Test, rebuild, test, rebuild, test. That’s the traditional and monotonous routine of assessing buildings in wind tunnels.
Invented towards the end of the 19th century, the UK has around 17 tunnels spread across 7 universities as part of the National Wind Tunnel Facility initiative. The tunnels are often used to test aerodynamics of planes, cars, as well as buildings, which means slots are in demand and costly.
Computational Fluid Dynamics, or CFD, modelling, which uses numerical analysis to predict movement, has reduced the demand for wind tunnel testing. However historically, for some, it was viewed as not being absolutely reliable and wind tunnels are still often used to verify predictions. Developments in software and processing speeds are changing that view though, and the advantages to programmes and budgets are clear.
A joint venture between engineering consultancy, Wardell Armstrong, and rights of light specialist surveyor, GIA, will see Wardell Armstrong’s wind microclimate software, which uses CFD, integrated with GIA’s VU.CITY 3D digital city models to create a new layer and provide accurate wind measurements.
The wind microclimate software was developed by Paul Evans, technical director of energy and climate change at Wardell Armstrong, who manipulated an open source piece of code to make it useful for modelling in an urban environment.

Tall buildings have the potential to alter their local environment and affect the microclimate. They can influence how wind travels across a site and potentially can make it unpleasant at ground level
VU.CITY provides interactive digital city models aimed at those in planning or development into which users can import their own 3D model, placing proposals in context to assess their likely visual impact, gauging scale and massing. GIA currently uses VU.CITY to assess daylight and sunlight models and the wind service will sit alongside that.

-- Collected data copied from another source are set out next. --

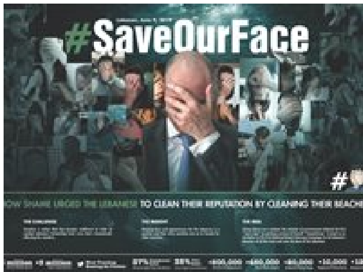
Digital Communication - Silver
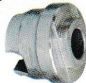
ARM CONE C-503365
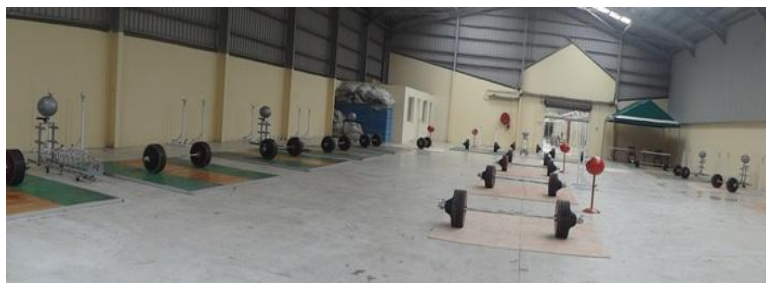
The large training hall in Wallis was well set up with 20 platforms, squat racks, sauna, etc.

of the weightlifters attending the institute have been funded continually by ONOC. This enormous financial assistance to the athletes via their NOC's by ONOC/ IOC Solidarity has taken the standard of weightlifting to the level that it is today. With 10 months to go to the Commonwealth Games, there is a very strong possibility that seven Institute lifters from the Pacific Islands could rank number one in their respective categories. And with some luck we could possibly have one or two more from other islands of the region ranking number one. The IWF also must be acknowledged for their continued support and financial contribution to the success of the Pacific Island lifters.
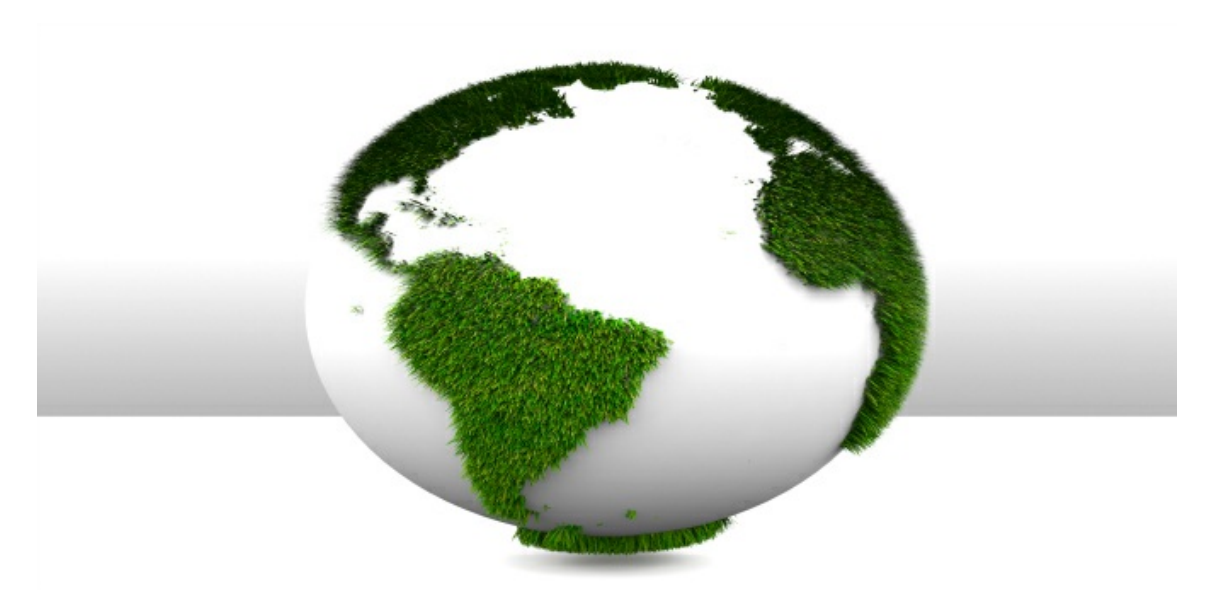
Image Credit: 3D Green Planet Earth (Chris Potter CC BY 2.0 www.ccPixs.com)

In the American tradition, Social Ecology evolved from the micro-perspective of individuals and groups with a focus on how their behaviour and wellbeing depend on interactions with their independent social, built and natural environments. Stokols provides a practical and pragmatic approach to the field when he illustrates the core principles of Social Ecology (65f.): a multitude of interdependent factors must be analysed, and so the objects of study are material and symbolic features, physical and sociocultural components, natural and built elements as well as place-based and virtual domains. Moreover, various temporal and spatial, but also social scales – ranging from individuals and groups to societies and international entities – must be considered. Investigating these complex interactions requires a systemic, multi-level contextual approach:
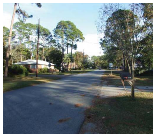
Figure 5:4 Single family neighborhoods with consistent setbacks for homes
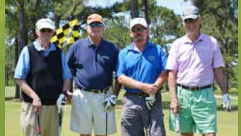
The Roberds team
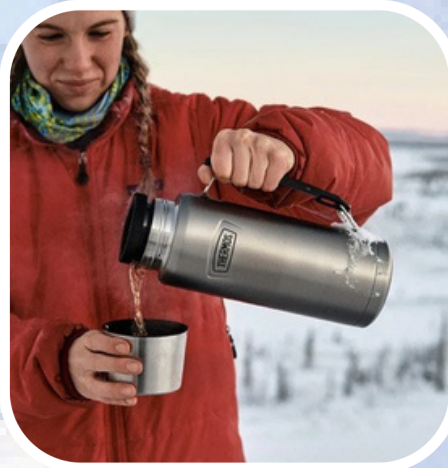
HOT WATER THERMOS
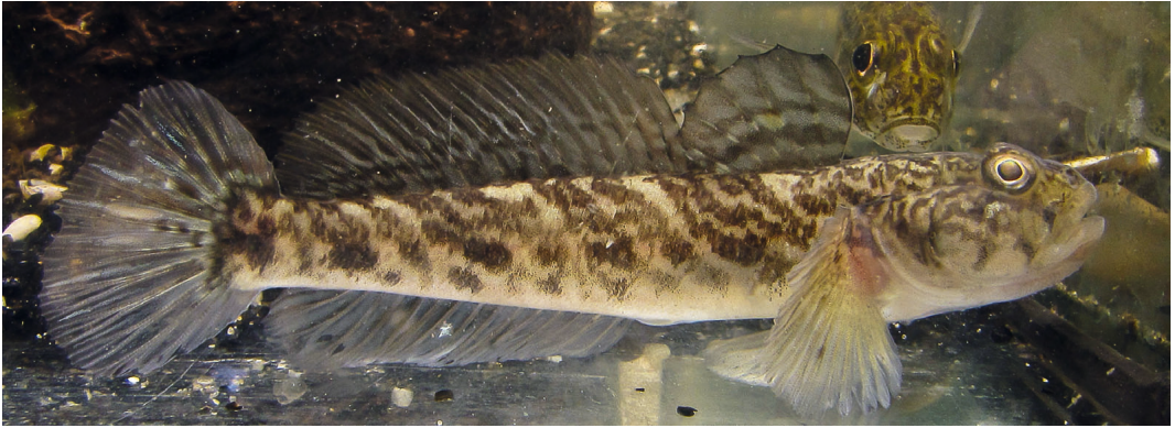
Fig. 2. Babka gymnotrachelus (ZSM 41739), photographed shortly after collection.
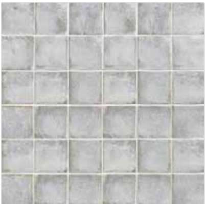
Atlantic - ATL NATVIVATL44G 4"x4" Pressed Porcelain Field Tile - Gloss
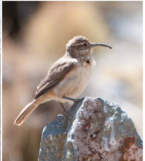
White-capped Dipper; Plain-breasted Earthcreeper (both near to Milloc)
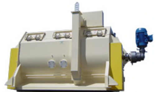
Carbon Steel with AR400 paddles, 225 cu. ft. (6370 liters) capacity, heavy duty discharge used for animal feed probiotic.

Demonstration units & CD presentations are available by request
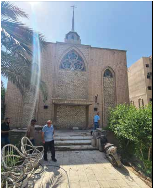
The Basrah Adventist Church stands empty as it awaits renovation.
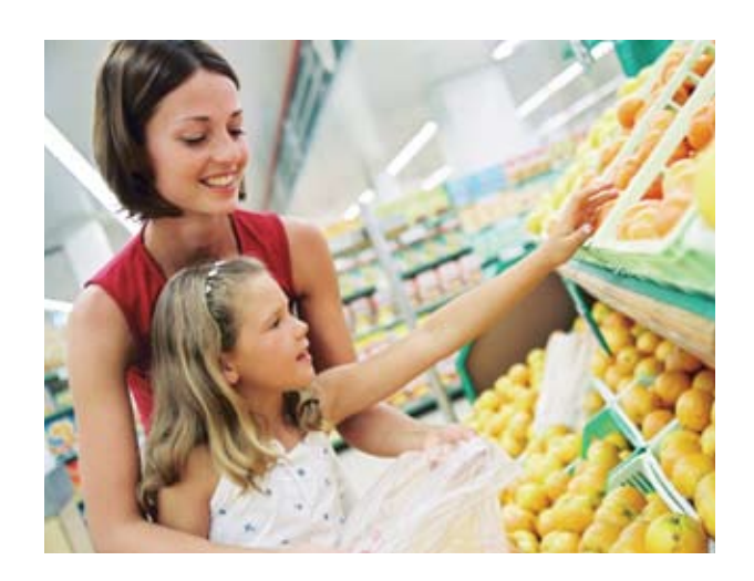
Figure A: Making a Bigger Impact—Together

Low-income mothers and their children are served by several Federal nutrition assistance programs. When these programs communicate the core nutrition messages to their participants, we can reach millions of mothers and children. The opportunity for message repetition is also greater since many moms participate or have children that participate in multiple programs. Examples of programs include:
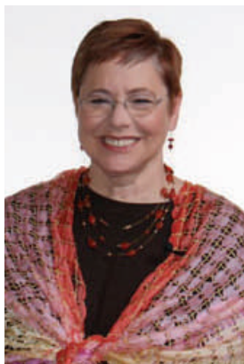
The Author of Writing Matters : Rebecca Moore Howard

...to themselves. Writing Matters encourages writers to take their writing seriously and to approach writing tasks as an opportunity to learn about a topic and to expand their scope as writers. Students are more likely to write well when they think of themselves as writers rather than as error-makers. By explaining rules in the context of responsibility, Writing Matters addresses composition students respectfully as mature and capable fellow participants in the research and writing process.
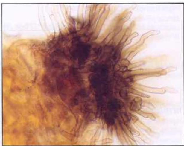
Fig. 2. Stroma and conidiophores of Cercosporidium sequoiae .

SYMPTOMS: Symptoms of Cercosporidium blight can be observed initially on the infected needles of lower twigs and branches closest to the main stem (Fig. 3). Blighted needles and young twigs develop a rusty brown necrosis that may appear patchy throughout the lower canopy (Fig. 4). As infection continues, this disease generally spreads upward and outward on susceptible plant tissue. On severely infected plants, only the tips of branches may remain green. Infected seedlings and young plants may be killed (Sutton and Hodges 1990). Disease development is favored by warm, humid, wet weather or by overhead irrigation in nursery and greenhouse settings. In Florida, infections may remain active all year long. Conidia of Cercosporidium sequoiae may be spread naturally by wind and water splash. Movement of inoculum to susceptible plants within a nursery may also occur by way of contaminated clothing, equipment, resident pets, or birds.
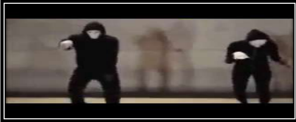
Figure 5. Azonto dance accompanying Wizkid music.
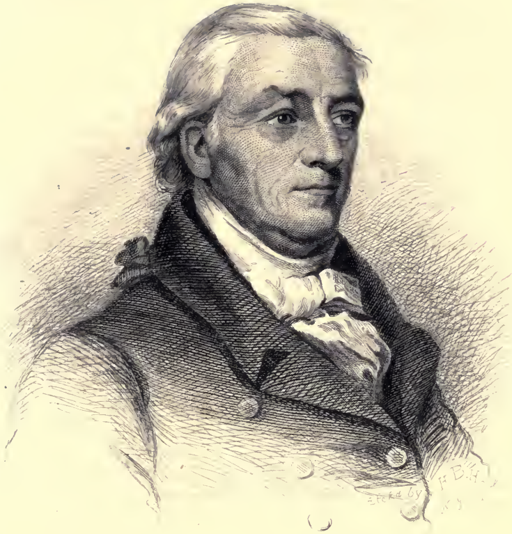
COLONEL HENRY RUTGERS.
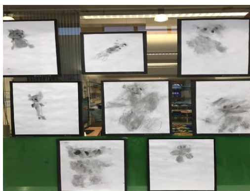
Observational drawings by Reception

Once a place has been confirmed by our admissions team information will be sent regarding transition events. During the Summer Term prior to admission, there are several opportunities for pre-school children to visit the school and meet the team. There is time for parents to come into school to find out more about the reception year and what they can to prepare their child for the transition. The reception year starts with a reduced timetable to ensure the children have time to settle to the new routine.
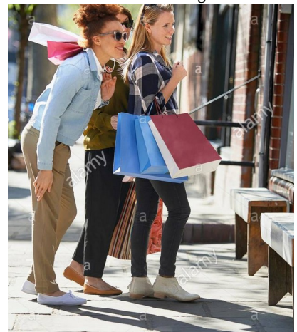
free up parking spaces for more valuable activities

make shopping a means of friendly interaction with neighbors
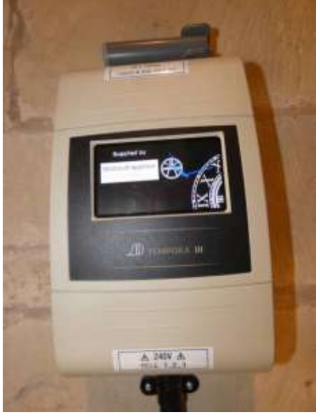
The control unit mounted on the West wall adjacent to the tower doorway and a close up of the Apollo III control unit. These units now have touch screen operation.

I consider that the specification as set out by Whites of Appleton dated 7<sup>th</sup> December 2020 and which formed the basis of the Faculty has been complied with. The church now has a system of using their bells easily and still has the facility to safely chime them using bell ropes should they desire.
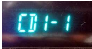
Fig. 3 Changer mode

Note: If radio does not switch to CD, cycle ignition OFF/ON and try again.
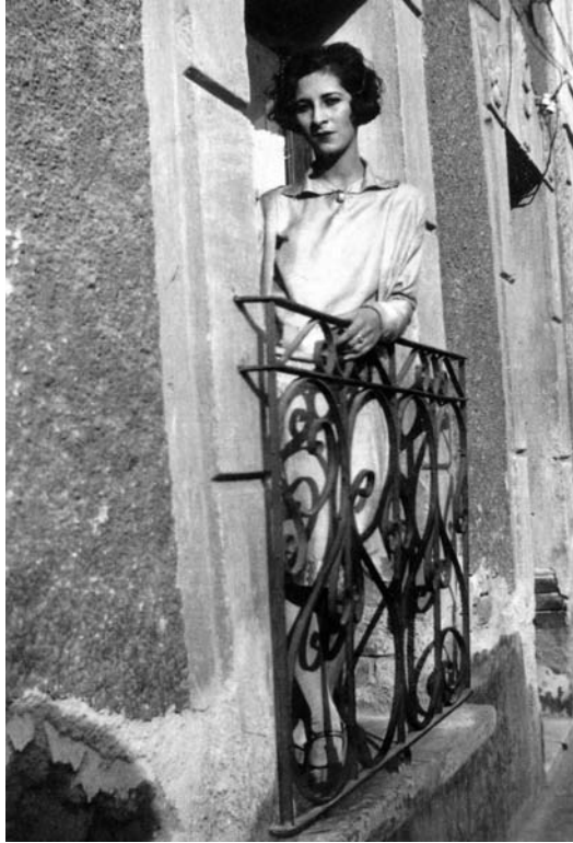
Luisa Moreno, a Guatemalan immigrant, shown here in a 1927 photograph, rose in the ranks of the Congress of Industrial Organizations (CIO) and helped organize the first national Latino civil rights assembly in 1939.

materialized; only a few fragile southern California chapters limped along during the war years. 41
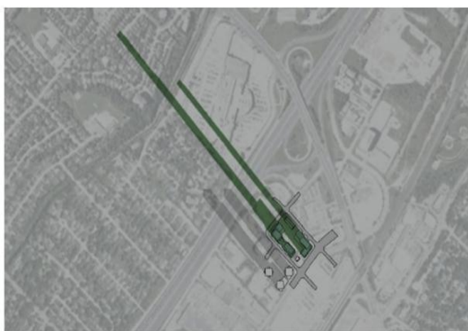
December 21st - 9:18 am
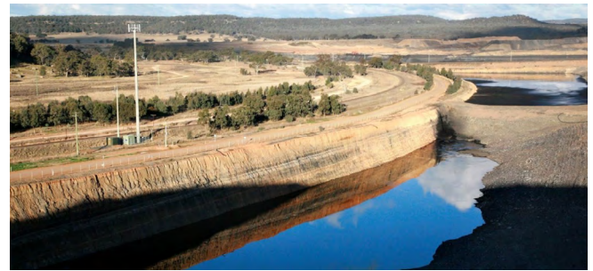
Tailings Dam, 2007
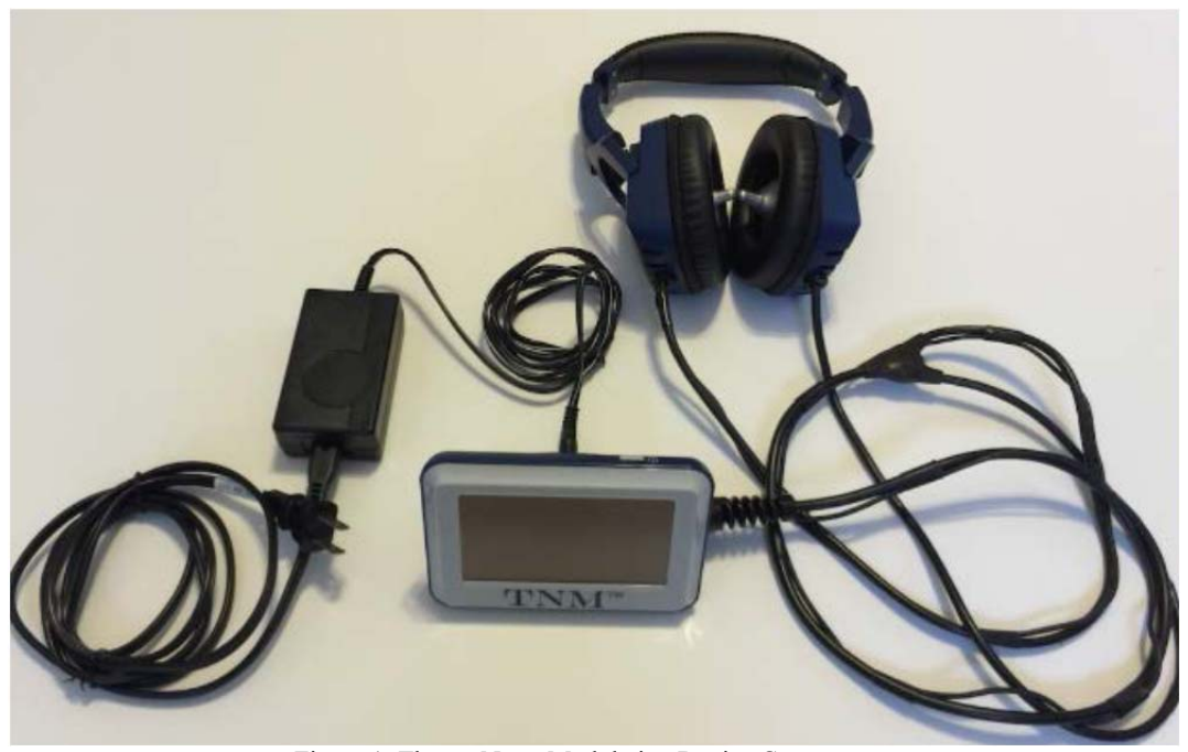
Figure 1: ThermoNeuroModulation Device Components

The TNM Device is a non-invasive, home-use, DC-powered medical device that consists of an over-the-ear Headset with earpieces that protrude into the external ear canals, a Control Unit with resistive touchscreen display, and a power cord. Optional accessories include a wedge pillow to support reclining during each treatment in place of a firm pillow, a stylus pen that can be used in place of a fingertip to interact with the display and prism spectacles that may be worn to enable reading and other visual relaxation activities during treatment.
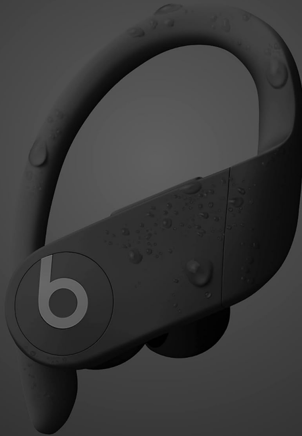
Image: A Powerbeats Pro earbud with visible water droplets, demonstrating its sweat and water-resistant capabilities.

WITH ADJUSTABLE, SECURE-FIT EARHOOKS FOR ADDED COMFORT AND STABILITY.

Key to service is flexibility
The pair of companies hope the service becomes a more cost effective, viable alternative to wind tunnels whilst also speeding up the testing process and enabling designs to be updated more quickly to provide wind mitigation options.
Sam Wallis, managing partner of GIA, explained how for GIA this joint venture is a perfect fit: “We can bring our existing products and infrastructure together to form something that suits both our businesses really well. We’re excited about it because we feel like we can provide a really high standard service to clients without a high cost base that will lead to large fees.”
“CFD is being used alongside wind tunnels, however what we want to do is take CFD all the way through the process and we want to do it with local expertise and at a local base cost.”
Currently, if the development is already within an existing VU.CITY baseline model, clients can get reports instantaneously. If it’s not, it takes a couple of days to input and to run the model, 5-6 days to get the data and 1-2 weeks for reporting time.
“The key to this service is the flexibility because wind tunnels are very expensive and with them are fixed dates that can’t be moved,” added Sam.
Adrian Rigby, partnerships director at Wardell Armstrong, added: “This can be treated as a design tool in its own right, with this software any design amendment can be incorporated into the 3D model very quickly.
“There’s a limitation on the amount of data you actually get from a wind tunnel assessment because the data points amount to half a dozen to a dozen realistically. In a 3D computer model the number of monitoring points are effectively infinite.”
https://www.youtube.com/watch?v=xHp2-gt6HGc
The service is available now and the cost varies depending on the size of the development.